Joe Biden has no immediate plans to resume his campaign in person during a pandemic that tests whether a candidate can win a presidential election and can communicate almost exclusively from home.
Biden’s virtual campaign from Wilmington, Delaware contrasts with that of President Donald Trump, who plans to tour despite warnings from public health experts about the spread of the coronavirus. It also highlights how Biden, the alleged Democratic nominee, will lead a campaign that worries some members of his party about a virtual model still in development that has not reached enough voters.
For now, Biden and his aides are dismissing the anxiety of the Democrats and the ridicule of the Republicans, who argue that the 77-year-old man is “hiding in his basement.”RELATED
“Voters don’t care where you record from,” campaign manager Jen O’Malley Dillon told The Associated Press. “What they care about is what it says and how we relate to them.”
Biden was more diplomatic in assessing the situation on Tuesday.
“The idea that we are harmed in any way by following the rules and following the instructions that doctors have put forward is absolutely strange,” he told ABC’s “Good Morning America” program.
O’Malley Dillon took the reins of the Biden campaign in mid-March, just as the coronavirus closings began. He recently beefed up the campaign’s digital and financial teams and said that, in the coming weeks, he will feature its directors for the most contested states. He also mentioned incipient “alliances” that include the party’s national program for contested states.
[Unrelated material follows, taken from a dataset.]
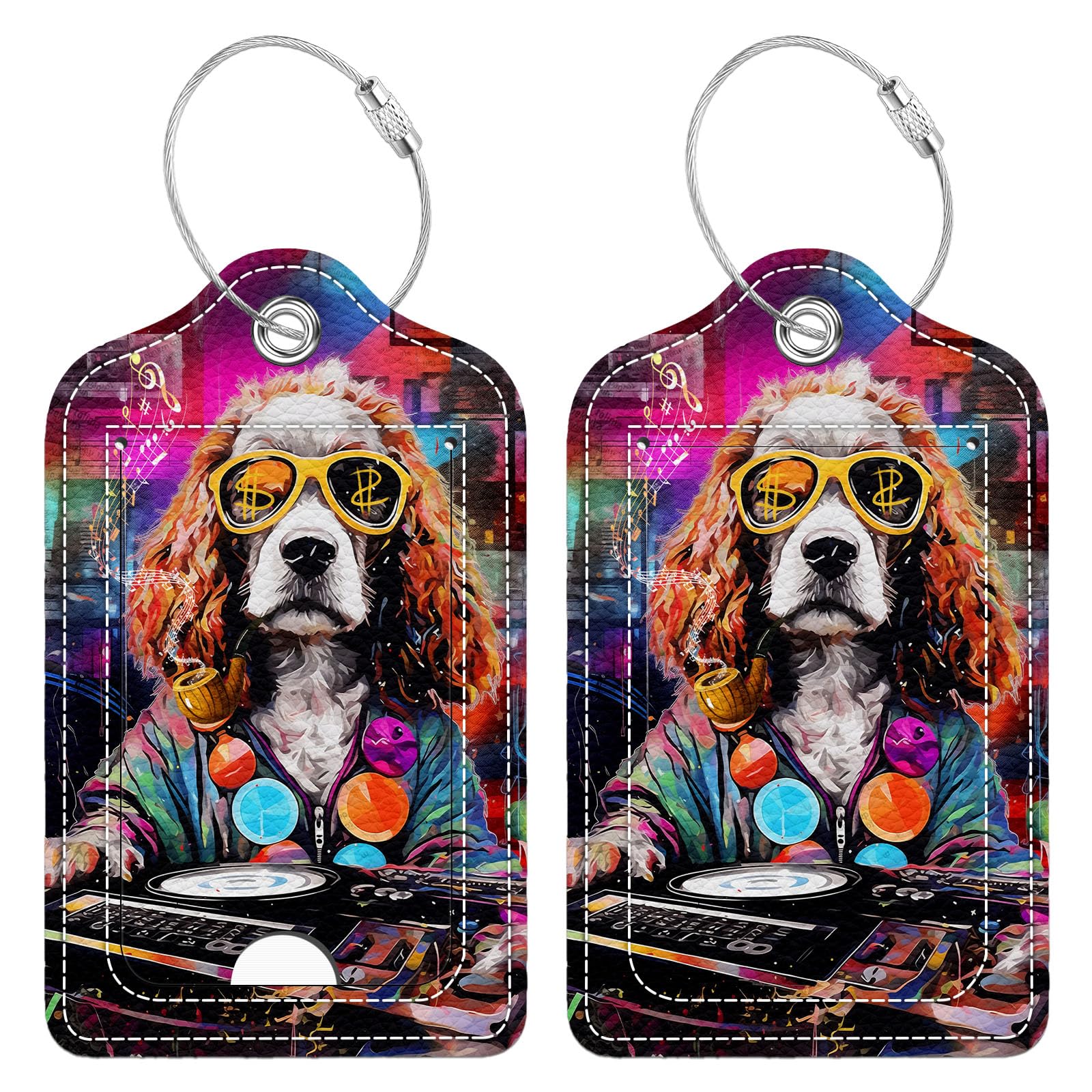 Bvkilrvc 2 Pcs Luggage Tag for Suitcase, Hip Hop Dog Wearing Glasses Unique Leather Suitcase Tags with Full Privacy Cover Stainless Steel Loop for|Luggage & Bags
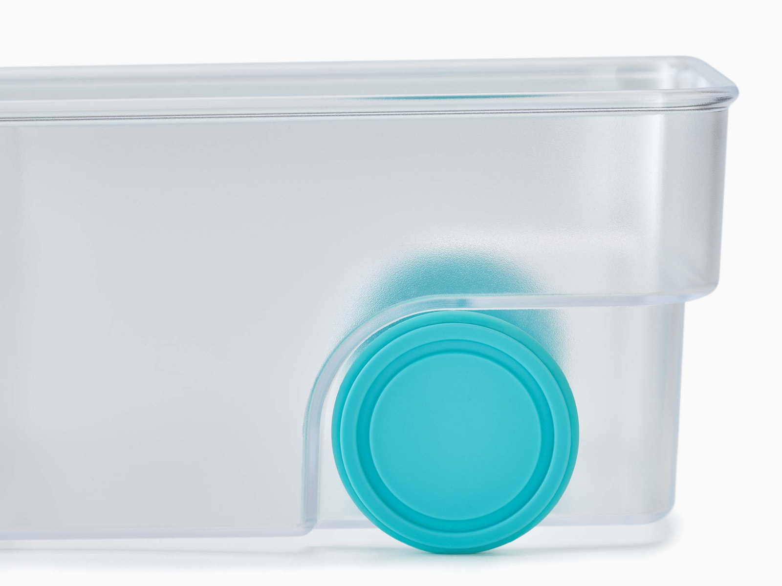 Pojemnik wykonany z tworzywa sztucznego wolnego od BPA w formie rynienki o wysokich półprzezroczystych ściankach na dwóch niewielkich kółeczkach z jednej strony oraz uchwytem w postaci lekko przedłużonego brzegu pojemnika z drugiej.

But those measures have not avoided criticism from renowned Democrats, including the architects of President Barack Obama’s 2008 campaign, who questioned Biden’s digital prowess and his ability to promote the mail ballots that might be necessary to win during the pandemic.
Obama’s allies, David Plouffe and David Axelrod, wrote in a recent editorial in The New York Times that the study at Biden’s home looks like “an astronaut being teleported back to earth from the International Space Station.” They encouraged Biden to use more platforms from Facebook and Twitter, to Snapchat, Instagram and TikTok.
Similarly, Lis Smith, the media strategist in Pete Buttigieg’s 2020 campaign, promoted the virtues of local media and of using celebrities more on other platforms.
Yvette Simpson, who heads the progressive group Democracy for America, said she is “very concerned” about not being able to see “how we are going to involve people.” He added that the campaign has wasted time since Biden took control of the primaries in early March.
Republican House Leader Leader Jim Clyburn, a close friend of Biden’s and whose support helped spur his series of primary wins, said he is “very concerned” that Democrats are forging a participatory operation. that achieves a balance between voting in person and absent.
However, Clyburn emphasized that it is not for Biden to worry about the details.
“Your job is to be the candidate,” said Clyburn.
To some extent, the pessimism reflects the Democrats’ desperation to beat Trump, who has a clear early lead in fundraising and organizing – and the reality that Biden grew out of a chaotic primary campaign and must now catch up.